# Trigeminal Afferents Regulation of Apical Periodontitis Development

> **NIH NIH R01** · UNIVERSITY OF TEXAS HLTH SCIENCE CENTER · 2021 · $362,188

## Abstract

Project Summary
Apical periodontitis (AP) is a highly prevalent and debilitating pathological condition marked by
bone resorption and pain as result of dental infections. Many elegant studies have revealed the
functions of immune cells and inflammatory mediators in AP. Despite AP being densely
innervated by trigeminal ganglia (TG) fibers, the participation of these afferents in this disease
process is largely unknown. Our preliminary data demonstrate that TG neurons regulate AP
lesion development. The objective of this proposal is to understand how TG fibers control AP
development, which remains a large gap in knowledge. We, for the first time, propose to
investigate neurons/non-neuronal cell interaction in control of AP development for each of four
major subclasses of TG neurons. This is novel and critically important strategy in approaching
research on regulation of AP development by sensory neurons, since each neuronal sub-class
has distinct function and biochemical make up, including unique sets of receptors, ion channels
and neuropeptides. Hence, it is possible that regulatory potential of TG neuronal subsets could
dramatically vary; and even produce opposite effects on osteoclasts and osteoblasts. So
according to literature and preliminary experiments, we designed a novel strategy on study AP
development by TG neurons. Our central hypothesis is that in response to infection certain
subclasses of TG afferents inhibit bone resorption in apical periodontitis via the regulation of
osteoclastic and osteoblastic activities. This hypothesis will be tested in: Aim 1 examining role
of different subclasses of TG afferents in inhibiting bone resorption and immunological
responses in a murine model of infection-induced AP; Aim 2 defining involvement of different
subclasses of TG neurons on regulation of osteoclastic and osteoblastic functions; and Aim 3
defining and identifying the released soluble factor(s) from different subclasses of TG neurons
and their contribution to modulation of osteoclast and osteoblast functions.

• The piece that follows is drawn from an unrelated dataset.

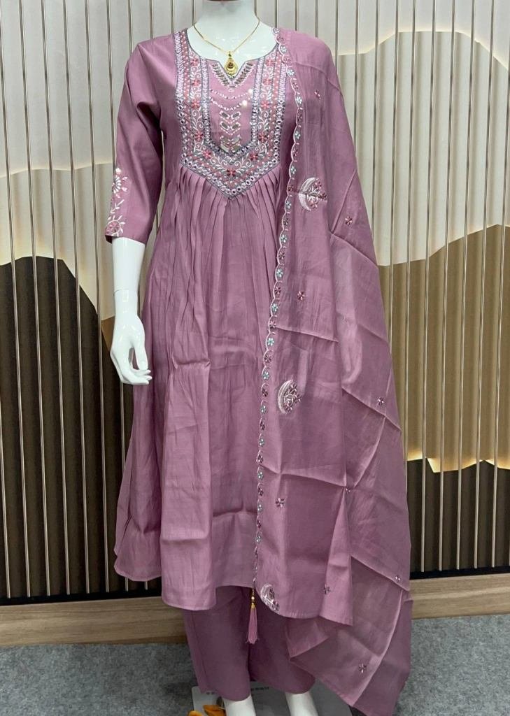 | NAME : | Riyazat Premium Mal Chanderi Heavy Embroidery And Real Mirror Work 3 Piece Kurta Set Mauve Color |
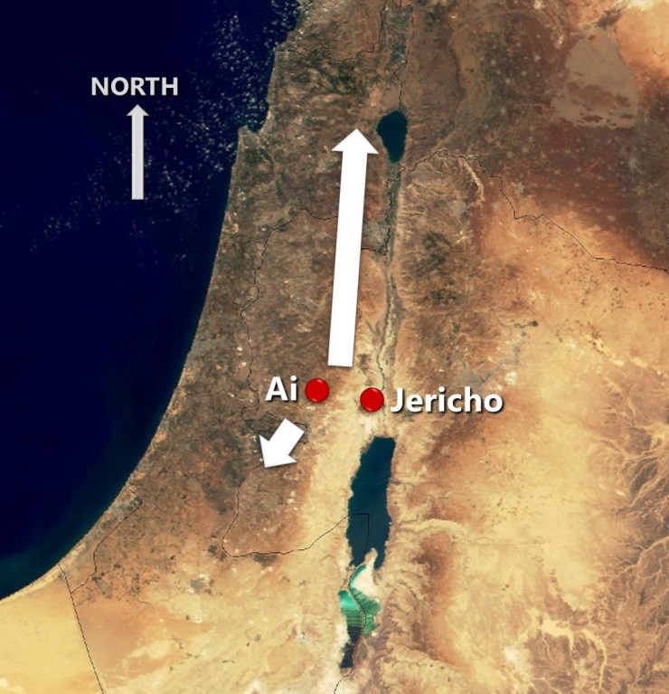 Map showing the position of Jericho and Ai in the centre of the Promised Land, and the general direction of the southern and northern campaigns.

We believe that
knowledge generated by this application will have a substantial positive impact from both
scientific and clinical perspectives. Scientifically, this is the principally novel approach in
investigation of AP using subclass-specific TG mouse lines. Moreover, the generated new
insight into interactions between neurons and DCS remodeling will open pathways for further
scientific advancement. Clinically, identification of neuronal regulatory mechanisms could offer
novel strategies and, importantly, targets for developing anti-AP therapeutics.

## Key facts

- **NIH application ID:** 10208856
- **Project number:** 5R01DE027929-04
- **Recipient organization:** UNIVERSITY OF TEXAS HLTH SCIENCE CENTER
- **Principal Investigator:** Anibal Diogenes
- **Activity code:** R01 (R01, R21, SBIR, etc.)
- **Funding institute:** NIH
- **Fiscal year:** 2021
- **Award amount:** $362,188
- **Award type:** 5
- **Project period:** 2018-08-01 → 2023-07-31

## Primary source

NIH RePORTER: https://reporter.nih.gov/project-details/10208856

## Citation

> US National Institutes of Health, RePORTER application 10208856, Trigeminal Afferents Regulation of Apical Periodontitis Development (5R01DE027929-04). Retrieved via AI Analytics 2026-06-02 from https://api.ai-analytics.org/grant/nih/10208856. Licensed CC0.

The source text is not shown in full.